I told them that wherever they are on the Earth, whatever had happened in their lives, however many dcs, however many years they'd been married there would never be a time that I wouldn't help them get out of a relationship if they needed to get out. I know Society conspires to keep women in dangerous relationships. All I can do is draw a line in the sand and say it won't happen to my daughters if I can help it. That's a sort of zero tolerance isn't it?

OP posts:
ElephantsAndMiasmas · 24/04/2012 18:39

"You can't change him" is a crucial message that my dad impressed upon me (he worked with young people a lot) and it definitely helps.

KRITIQ · 24/04/2012 19:42

Sanjeev, I would suggest that the belief that women can "make a bad man good" with love and attention is a very, very strong message within the social conditioning of women and girls.

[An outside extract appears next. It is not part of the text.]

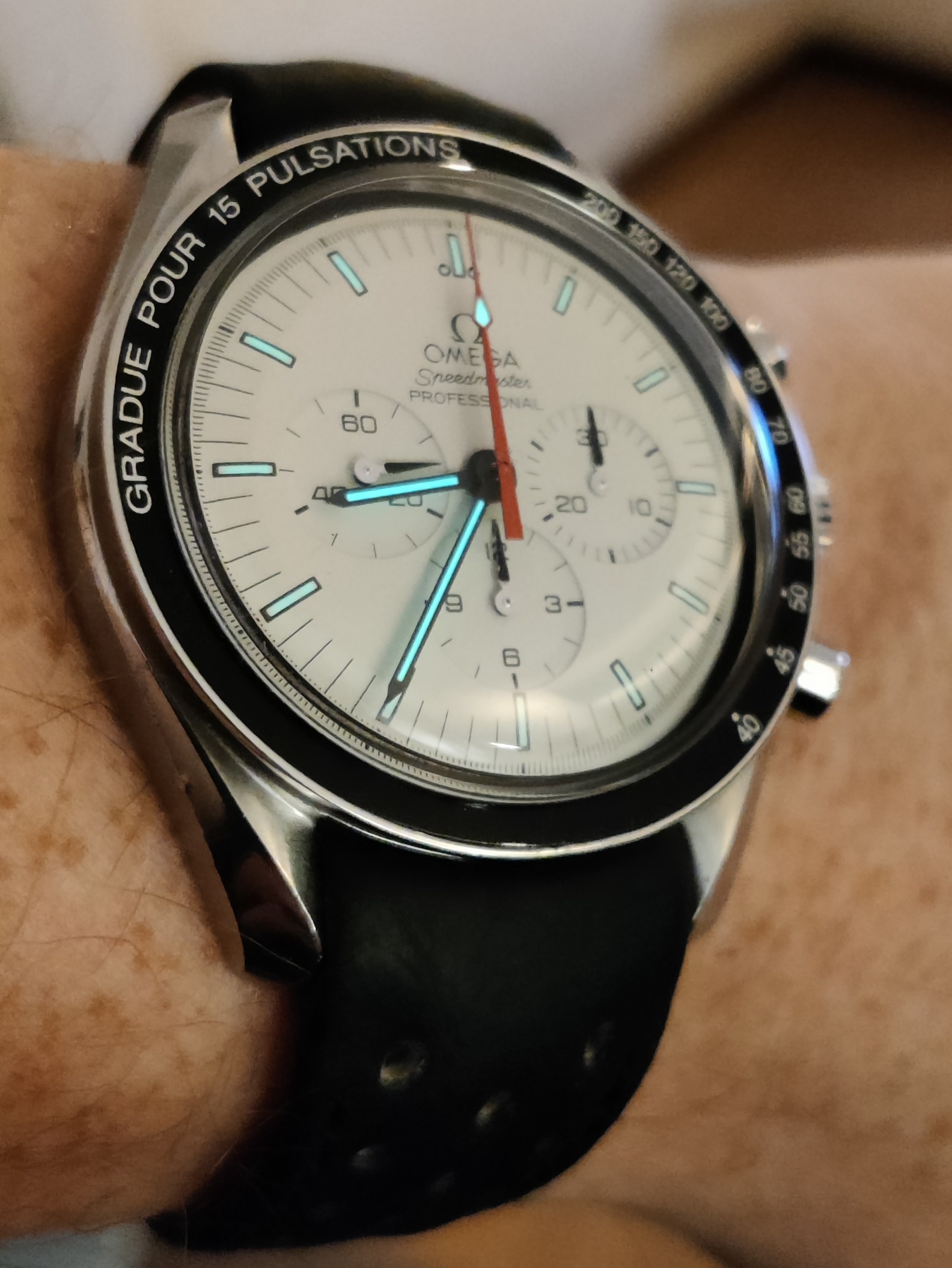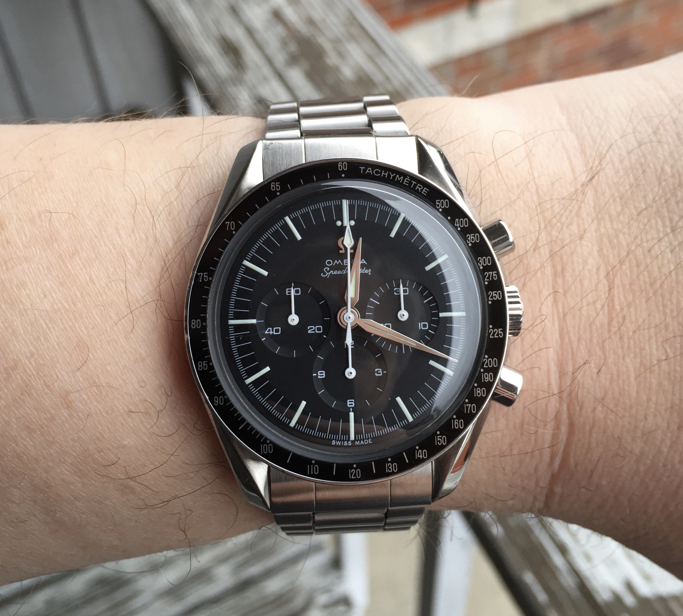 Here’s a 1171 bracelet I did years ago, high-polishing the outer links because I think it goes better with the watch. On the 300 below, I find the center links way too flashy, so I’m contemplating reversing the original finish, by putting the brushed finish in the center, and polishing the outer links. That would make it closer to the original layout on the flat-links. Anyone else?

I agree that abusers don't change because they see no benefit in doing so. Why should they if there are no real disincentives? The criminal justice system is very meh about punishment for perpetrators of violence against women. The general public are quick to excuse abusive behaviour and blame victims for "making them do it."

But, it's far too simplistic (and dare I say victim-blaming,) to suggest that individual women somehow have the "power" to stop men's violence.

chipmonkey · 25/04/2012 13:32

I also think there is a culture in movies/novels where the hero is tall, dark and moody. Since when was being moody a good thing? Red flag as far as I'm concerned!

MsAnnTeak · 25/04/2012 20:42

Bossofme

"I don't really know what the cycle breakers are though - what makes some people repeat the pattern and others change it?"

When the penny eventually drops, is an expression we would use. Unfortunately for some it probably doesn't or they feel it's too late. Once enlightened with a great deal of time, effort and support from those around it can be achieved.